Becher served as an SS major in Poland and Russia, as part of the SS-Totenkopfverbände, which perfected the techniques for killing Jews. He was appointed Special Commissioner of all Concentration Camps (Reichssonderkommissar für sämtliche Konzentrationslager), and Chief of the Economic Department of the SS Command in Hungary, by Heinrich Himmler. The "Economic Department" was tasked with extracting maximal economic value from Jews, which included confiscating goods and property, and selling or using belongings and body parts, including shorn hair and gold extracted from teeth.

==In Hungary==
Becher became the main buyer of horses for the SS and, according to his own testimony, was sent to Hungary in March 1944, when Germany invaded that country, to buy 20,000 horses. Arendt posited that this story is unlikely to be true, because as soon as he arrived in Budapest, he began to engage in a series of negotiations with the heads of several large Jewish business concerns.

His later actions showed that his goal was rather to extort as much wealth as possible from Hungary's Jews on behalf of Himmler, the head of the SS. From 1944 to 1945, he collected large sums of money, jewellery, and precious metals, worth an estimated 8,600,000 Swiss francs, from Hungarian Jews, a portion of which travelled with him in six large suitcases, in what became known as the "Becher Deposit".

In January 1945, he was appointed as Special Reich Commissioner for all the concentration camps by Himmler.

He was arrested in May 1945 by the Allies and imprisoned at Nuremberg but was not prosecuted as a war criminal, serving only as a witness during the Nuremberg trials, as a result of a statement provided on his behalf by Rezső Kasztner, a leading member of the Jewish Aid and Rescue Committee in Hungary.

In an affidavit that Kasztner submitted before the court at Nuremberg, Kasztner states: "There can be no doubt about it that Becher belongs to the very few SS leaders having the courage to oppose the program of annihilation of the Jews, and trying to rescue human lives...that Kurt Becher did everything within the realm of possibilities to save innocent human beings from the blind fury of the Nazi leaders...I never doubted for one moment the good intentions of Kurt Becher etc."

Kasztner was the plaintiff in a trial in which the Jerusalem District Court found that he was complicit in the Nazi murder of 740,000 Hungarian Jews, and had "sold his soul to the devil". The court found that Kasztner collaborated with the Nazis' extermination of the Jews in Hungary, and by saving the war criminal Kurt Becher from its penalty. Kasztner was subsequently assassinated in Israel in March 1957. The Supreme Court of Israel overturned the judgment against Kasztner in 1958, except for the section exonerating Becher, whose status as a war criminal was determined in a 35-page decision; the Supreme Court ruled that Kasztner's affidavit was perjurious, as Kasztner had known of Becher's activities during the war.
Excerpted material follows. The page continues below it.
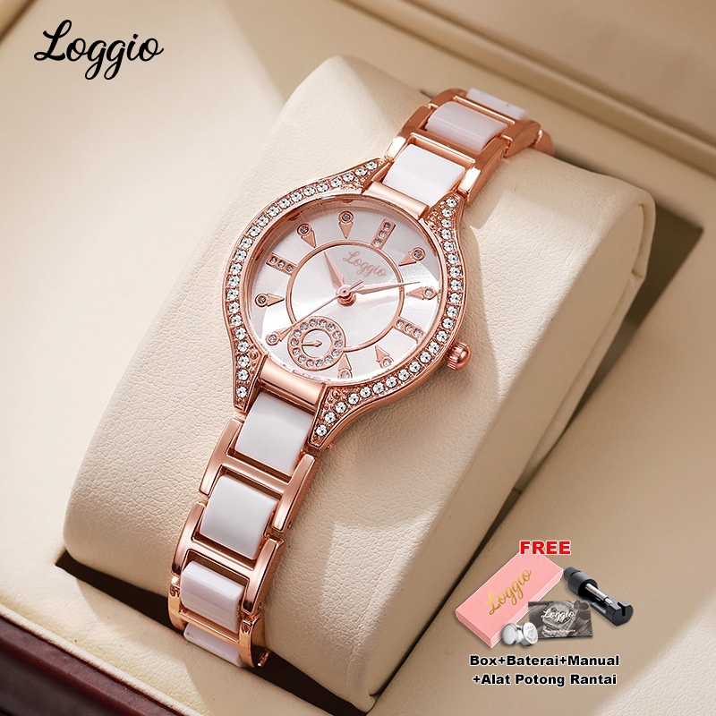Jam Tangan Wanitaloggio Besi Rantai Analog Terbaru Mode Women Watche

The Becher Deposit was eventually sold for $55,000, far less than its estimated value. Some of the discrepancy was due to the hyperinflation which made the Hungarian pengő worthless after the war, but the Hungarian officials had already confiscated most of the cash and foreign currency held by Jews, so most passengers paid "in the form of jewelry, gold (gold jewelry, gold bullions and Napoleon gold), platinum, precious stones, and other valuables." Dagobert Arian of the Jewish Agency suggested that Becher had hidden most of his loot before he was captured, and that this explained the difference.
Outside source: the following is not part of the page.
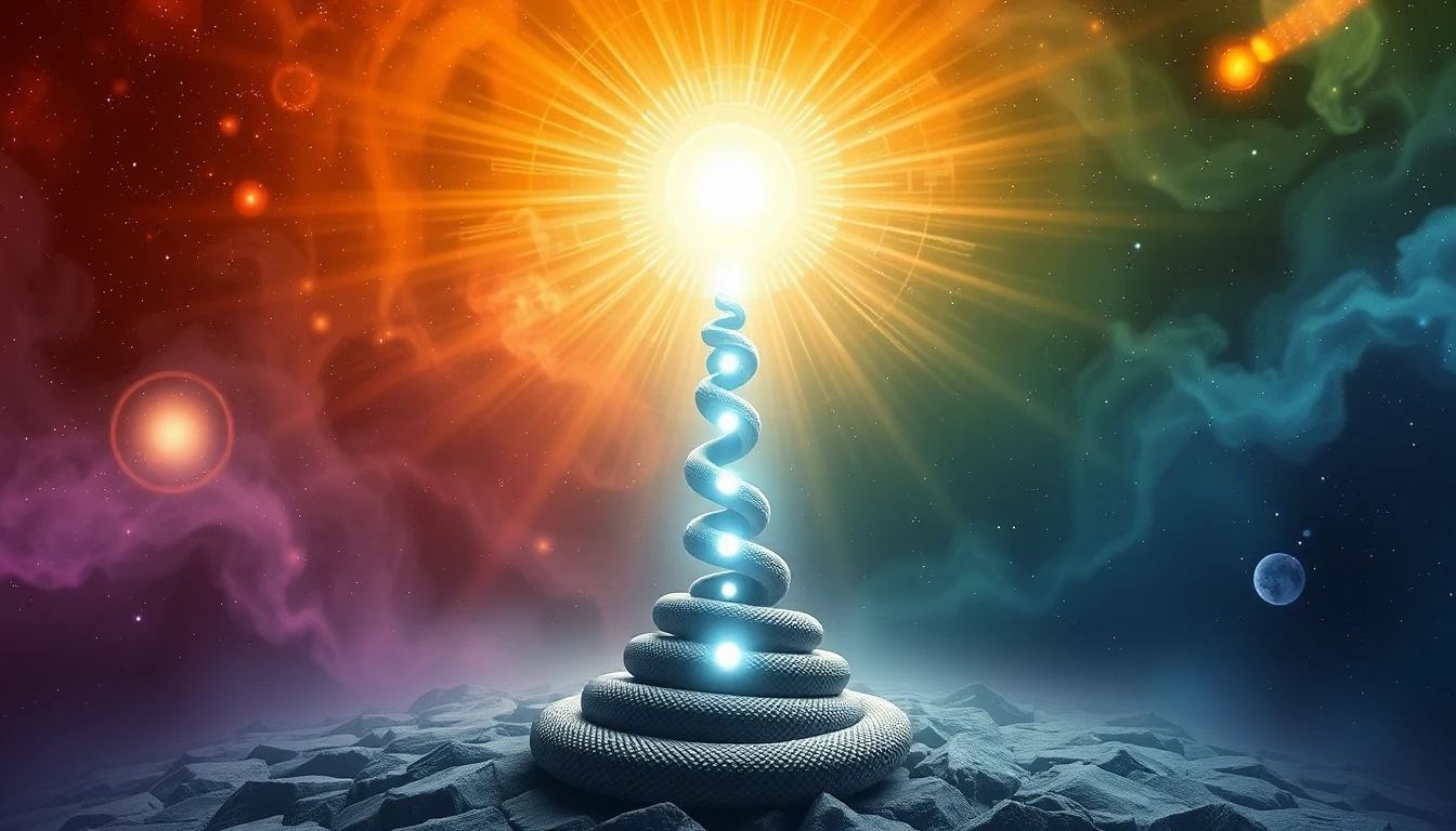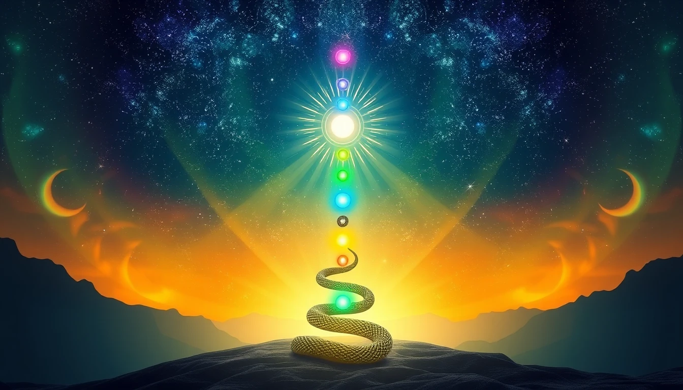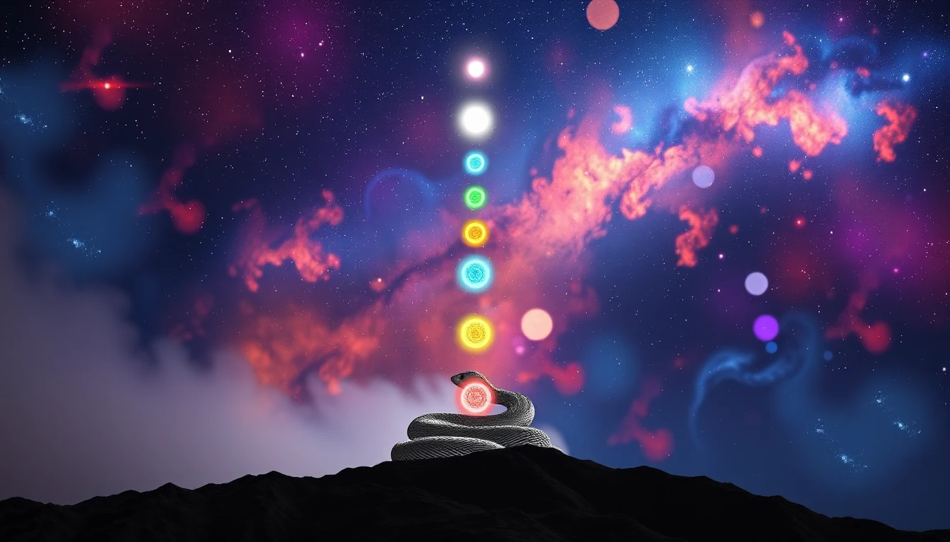 Within this philosophy, Kundalini awakening acts as a portal to the unity of existence, offering insight into the individual’s place within the broader cosmos. Often visualized as a dormant serpent at the base of the spine, Kundalini energy ascends through the chakras, symbolizing the rise of consciousness from foundational (lower) to transcendent (higher) energy centers. This journey is not purely physical but deeply metaphysical, representing an inner ascent toward spiritual unity.

Historian Yehuda Bauer writes that Becher is known to have had specific Jewish treasures in his possession, which came from payments made to him by the Aid and Rescue Committee, and from property he had confiscated in Hungary. Of the luggage that made up the Becher Deposit, Becher gave one case to Moshe Schweiger (an associate of Rudolf Kastner), who had been released from Mauthausen specifically to take possession of the case. On 24 May 1945, Subsection B of the 215th American Counter Intelligence Corps (CIC) detachment found 18.7 pounds of gold, 4.4 pounds of platinum, and some jewelry hidden under beds in a house Becher had been living in, and on 30 May, the suitcase Becher had given to Schweiger was handed over to the CIC. On 25 June some other Jewish refugees Becher had been using as couriers handed in gold and paper shares.

==Postwar activities==
After the war, Becher was spared prosecution primarily through the testimony of Kasztner, his negotiating partner from his time in Budapest. He later became a prosperous businessman in Bremen. Becher was the president of many corporations, including the Cologne-Handel Gesellschaft, which did extensive business with the Israeli government.
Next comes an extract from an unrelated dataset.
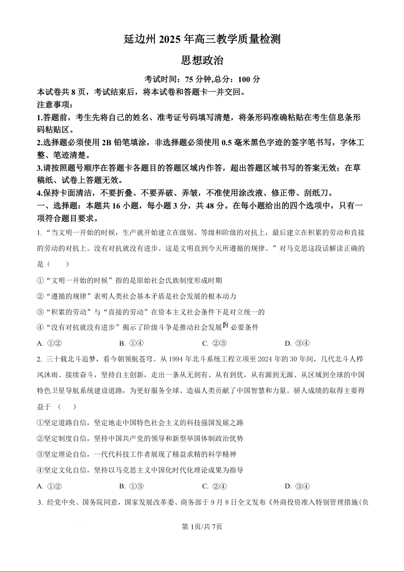 延边州2025年高三教学质量检测 政治.docx

By 1960 he was one of the wealthiest men in West Germany, with estimated assets of US$30 million. He came to public attention once again in 1961 when he served as a witness for the prosecution during the trial in Jerusalem of SS officer Adolf Eichmann. He provided his testimony from his home in Germany, because he was unwilling to travel to Israel. He reportedly died a wealthy man.

==See also==
- Joel Brand
- Kastner train
- Chaim Michael Dov Weissmandl
- Rudolf Vrba
- Alfred Wetzler
- History of the Jews in Hungary
- Ein Lied von Liebe und Tod (film)

==Awards==
- German Cross in Gold on 15 January 1943 as SS-Hauptsturmführer in the SS-Kampfgruppe "Fegelein"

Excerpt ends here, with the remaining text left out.